Assignment, Christmas, Bronchitis, University, return of assignment ( I got merits in every category -hurrah), placement. Haven't had time for much self reflection and not just on my teaching skills - my eyebrows are in a shocking state. I noticed them today when I had to wash whiteboard marker off my face.
Have finished second week of my second placement. This time I'm at Verylocalacademyindeed. This is the school the Boy Wonder will attend as of August. I dont't know whether to feel sorry for the school or for my eccentric , chaotic, butterfly-brained progeny. I'm worried how he will fit in in this particular educational environment.

Its assessment,assessment,assessment at the moment. I am learning about the dangers of assessment - difficult to do reliably for at least nine different reasons. I'm not listing them, go and read your Cohen and Manion. I'm learning that research shows that formative assessment (comments showing how your pupils could improve their performance) raises grades by 30% and that if you are going to give a pupil a grade or mark you are wasting your time if you
At the same time make any comments, the pupil gains no benefit.

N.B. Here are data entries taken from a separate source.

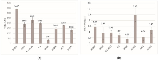 Comparison of IC50 values of different GBM cell lines treated with TMZ (a) or MLN4924 (b) for 48 h. GBM cell lines were treated for 48 h with different concentrations of TMZ or MLN4924 and the cell viability was measured by the ATP assay as described in Section 4. IC50 values were calculated based on the results of these experiments. Each bar represents the mean of three independent experiments, and error bars denote the standard deviation of the mean.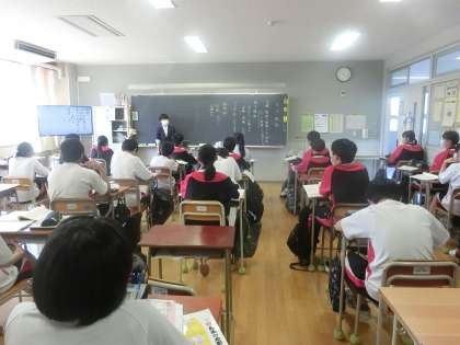 2年生の国語の授業では、世田谷区教育委員会より講師の先生にご来校いただいて研究授業を行いました。内容は「敬語」についてでした。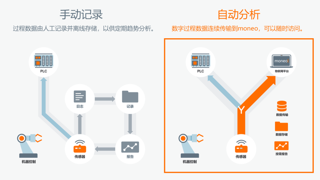 ifm的IIoT平台——moneo,正是为应对这一挑战而设计。它不仅释放了传感器的深层潜力,更将这些数据转化为推动企业增长的催化剂,确保每一字节的数据都能在业务决策中发挥其最大价值,助力企业在数字化的浪潮中乘风破浪。,时长00:53moneo作为一个用户友好的无代码工业物联网(Industrial IoT,下文简称IIoT)平台,集成算法支持对许多关键工业机器进行预测性维护,赋予用户在工厂紧急情况发生前自主应对的能力。它支持直接通过控制器使用过程数据,以低成本而高效的方式,将IT与自动化技术从传感器端延伸至云平台,并将您的传感器数据转化为有价值的见解。通过ifm的IIoT平台moneo,如何多维度解锁数据潜藏的巨大潜力?01提升设备可用性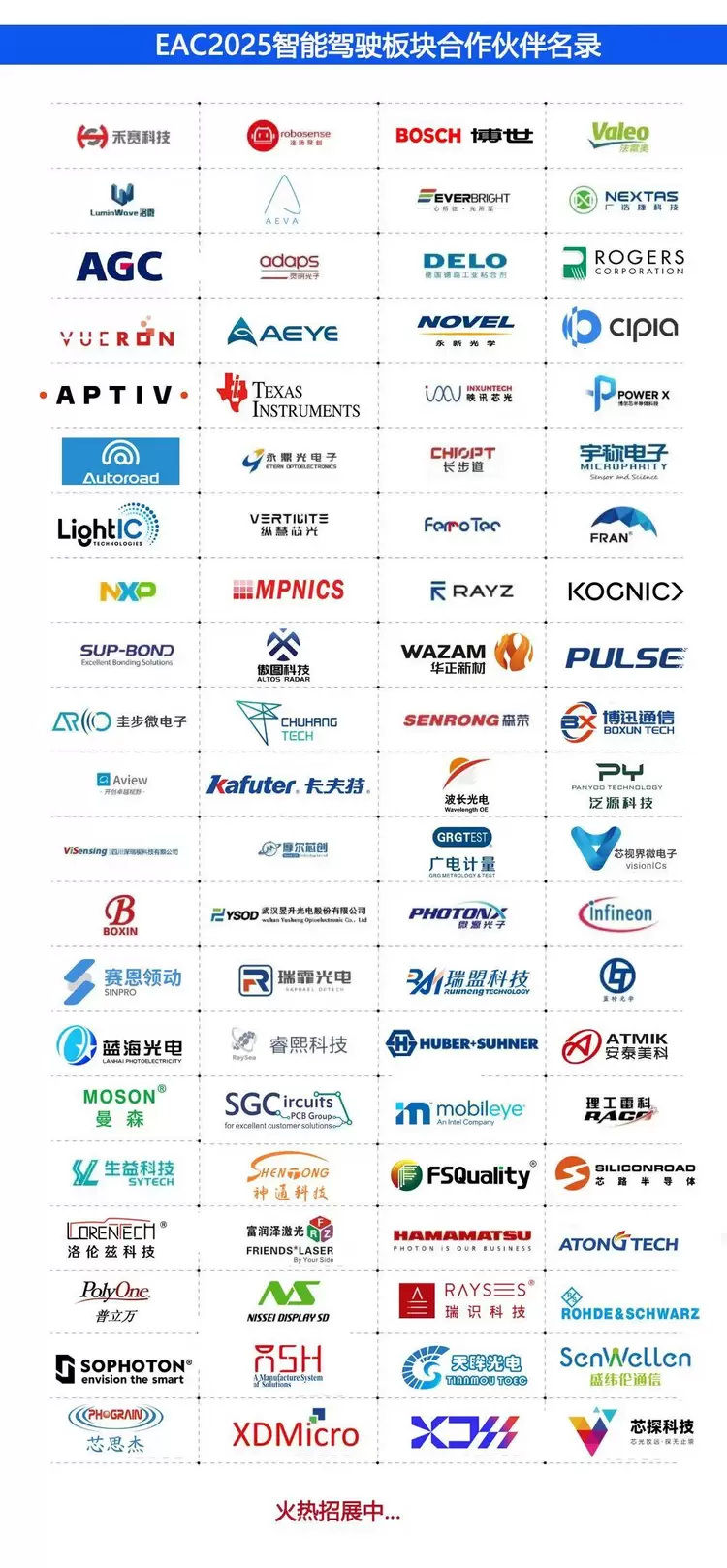 目前已经确认有来自博世、大陆、安波福、法雷奥、奔驰、大众、日产、路特斯、Stellantis、保时捷、比亚迪、泛亚、宝马、电装、采埃孚、零跑、一汽、华为、江淮、奇瑞、智己、北汽、比亚迪、东风、极氪、小米、丰田、福特、本田、宁德时代、吉利、捷豹路虎、福特、上汽大通、零束、蔚来、奥迪、长城、长安、哈曼、麦格纳、延锋等国内外T1以及主机厂企业代表团深度参与到EAC2025中。他们将深入参与行业论坛主题演讲及展台参观了解最新行业产品、交流前瞻技术、助力行业打破圈层结交人脉实现商务合作。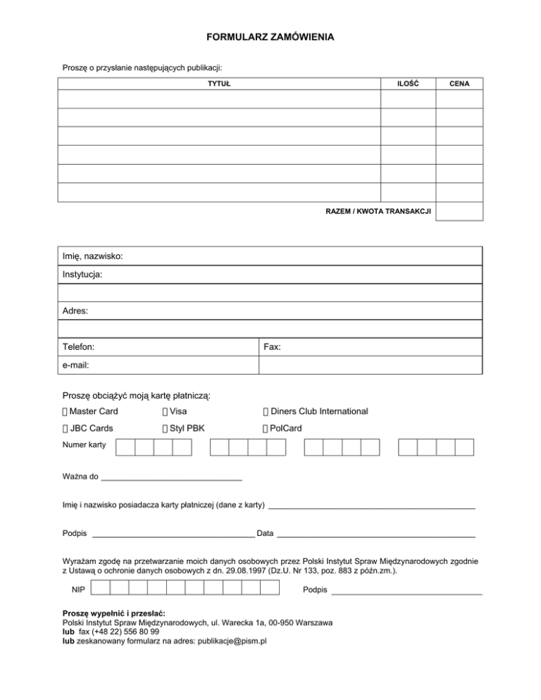 FORMULARZ ZAMÓWIENIA Proszę o przysłanie następujących publikacji: TYTUŁ ILOŚĆ CENA RAZEM / KWOTA TRANSAKCJI Imię, nazwisko: Instytucja: Adres: Telefon: Fax: e-mail: Proszę obciążyć moją kartę płatniczą: Master Card Visa Diners Club International JBC Cards Styl PBK PolCard Numer karty Ważna do ________________________________ Imię i nazwisko posiadacza karty płatniczej (dane z karty) _______________________________________________ Podpis _____________________________________ Data _____________________________________________ Wyrażam zgodę na przetwarzanie moich danych osobowych przez Polski Instytut Spraw Międzynarodowych zgodnie z Ustawą o ochronie danych osobowych z dn. 29.08.1997 (Dz.U. Nr 133, poz. 883 z późn.zm.). NIP Podpis Proszę wypełnić i przesłać: Polski Instytut Spraw Międzynarodowych, ul. Warecka 1a, 00-950 Warszawa lub fax (+48 22) 556 80 99 lub zeskanowany formularz na adres: [email protected]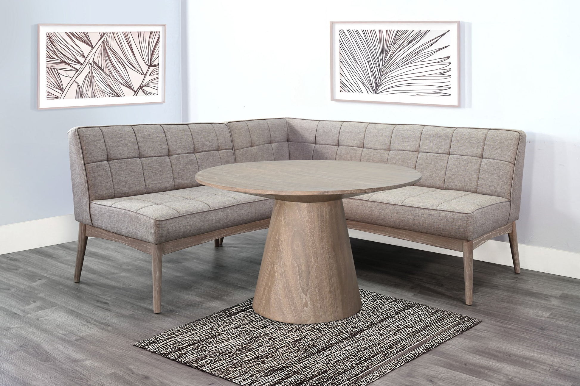 Create a cozy and stylish seating area with this mid-century modern upholstered corner dining bench. Designed to fit neatly into a corner, it maximizes seating while maintaining a sleek, airy profile. The gently angled backrest, grid-tufted upholstery, and tapered wooden legs blend comfort with timeless design. Perfect for breakfast nooks, dining rooms, or casual gathering spaces, this bench invites family and friends to linger in comfort.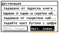 Дестинациите от факс, за който са били зададени няколко дестинации, както и дестинациите в ръчното изпращане, не са налични за тази функция. Изпращане на факс документи до множество дестинации едновременно (Последователно разпращане) Осъществяване на повикване преди изпращане на факс (Ръчно изпращане)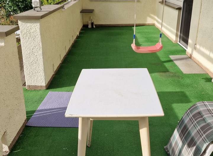 - große Terrasse mit kleiner Treppe in den Garten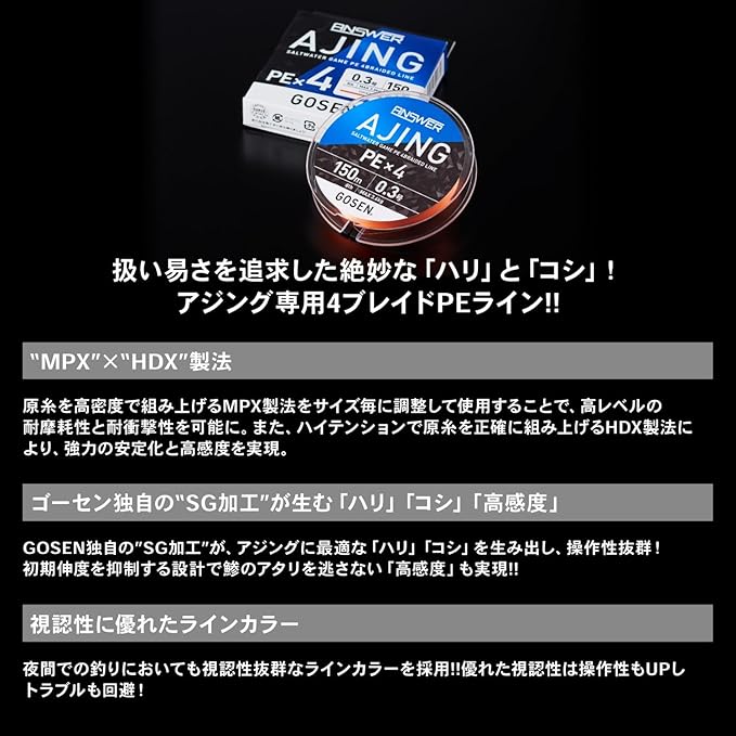 シリーズ: 【アンサー アジング PE 4 】……アジング専用4ブレイドPEライン!アジングに最適・扱い易さを追求した絶妙な「ハリ」と「コシ」を持ち、操作性抜群!初期伸度を抑制する設計で鯵のアタリを逃さない「高感度」も実現! 「MPX製法 , HDX製法」で高レベルの耐摩耗性・耐衝撃性・高感度・強力の安定化を実現!夜間での釣りにおいても視認性抜群なラインカラーを採用!!優れた視認性は操作性もUPしトラブルも回避!

Interestingly at the same time the university is returning our essays with a grade in 6 different boxes,an overall grade and comments.(?!)
The department are marking higher prelims, chasing folios for standard grade assessment and having meetings about whether we should give second years a prelim as they will be sitting standard grade in S3 instead of S4.
I wish we were having meetings about the wisdom of SG at this stage.
Based on my experience so far I think we definately need to do something about what we teach them in S1 & 2. Its just drift,the able ones do stuff they have done to death in primary6/7 and in all honesty i think we teach it less well than they do there. In the mean time the ones who have arrived without a secure grip of the basic skills learn to act tough and disrupt the class to hide their inability to do the work.
I don't think that getting them onto the exam treadmill so young is going to help, particularly in English where you need a certain amount of emotional maturity to write beautifully about Shakespeare. I think we could be setting them up for a horrible fail.